# Effective SQL: Understanding Order of Operations

Published on
28,368 Points
17,768 Views
6 Endorsements
Last Modified:
Awarded
Editor's Choice
Community Pick

## Introduction

Hopefully the following mnemonic and, ultimately, the acronym it represents is common place to all those reading: Please Excuse My Dear Aunt Sally (PEMDAS). Briefly, though, PEMDAS is used to signify the order of operations being Parenthesis (or brackets), Exponents (or roots which can be expressed as a fractional exponent 1/n), Multiplication/Division and Addition/Subtraction.

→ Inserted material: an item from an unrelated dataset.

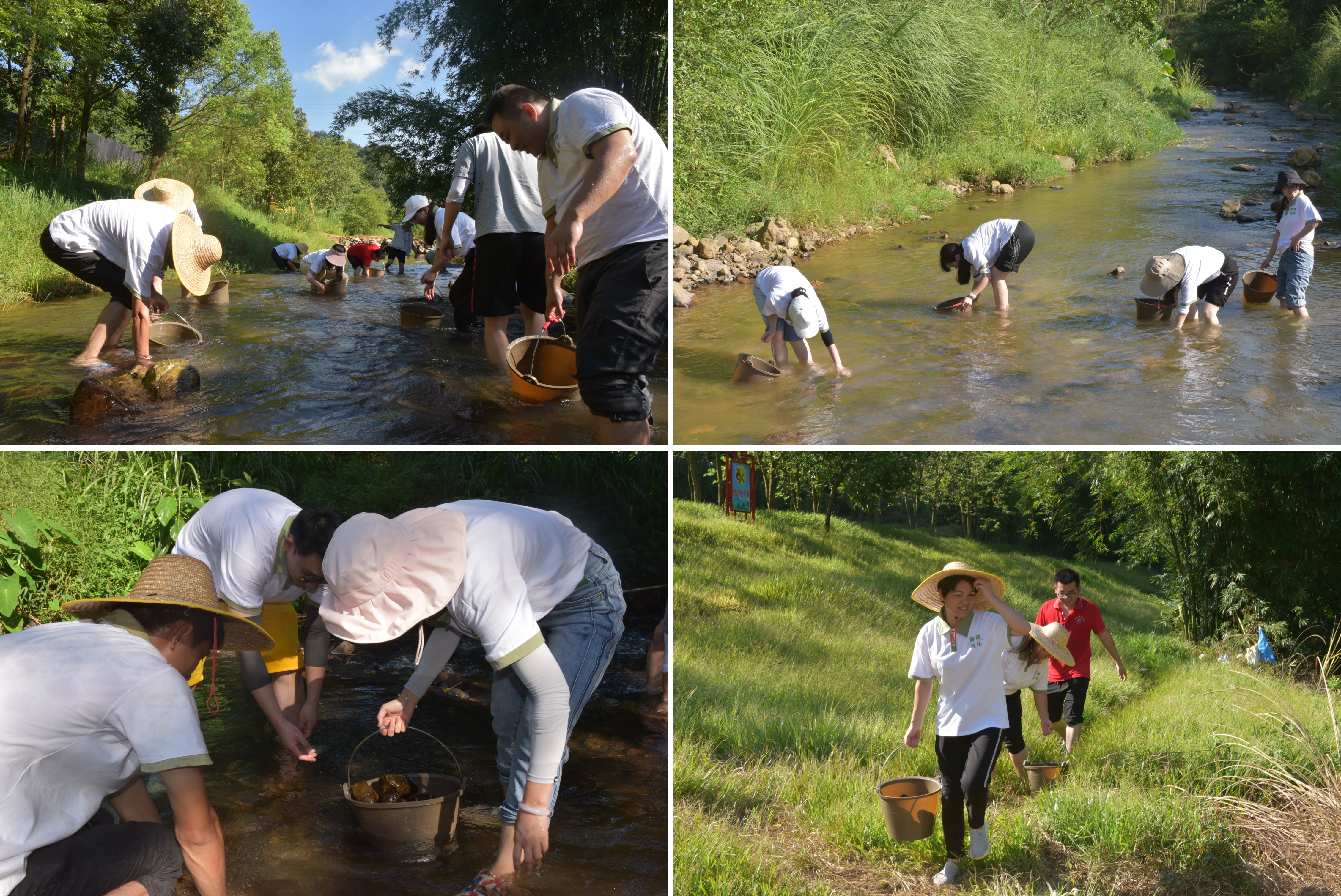 在“花開石上傳真情”公益活動環節中,各隊挽起褲腳、拿著塑料桶在營地淺溪上進行撿拾鵝卵石的比拼,龍山溪畔一派熱火朝天的勞動景象。據悉,這次公益活動中收集的鵝卵石會用于我鎮“百千萬工程”中環寶溪雞籠山綠色人行棧道項目的建設,讓小小的鵝卵石開出“百千萬工程”之花。

If you have ever doubted how Math can be used in everyday life, then hopefully this is a good example. I think most forget when dealing with technology or challenges in general, it is all about approaching the situation with a definitive list of known truths and methodologies how to solve issues. You don't have to have the answers going in, just keep it simple and apply what you know like Math rules. SQL syntax is no different and so we will explore in this article how PEMDAS can aid programmers in avoiding some pitfalls or ensuring proper results through being very explicit about the order in which code is evaluated.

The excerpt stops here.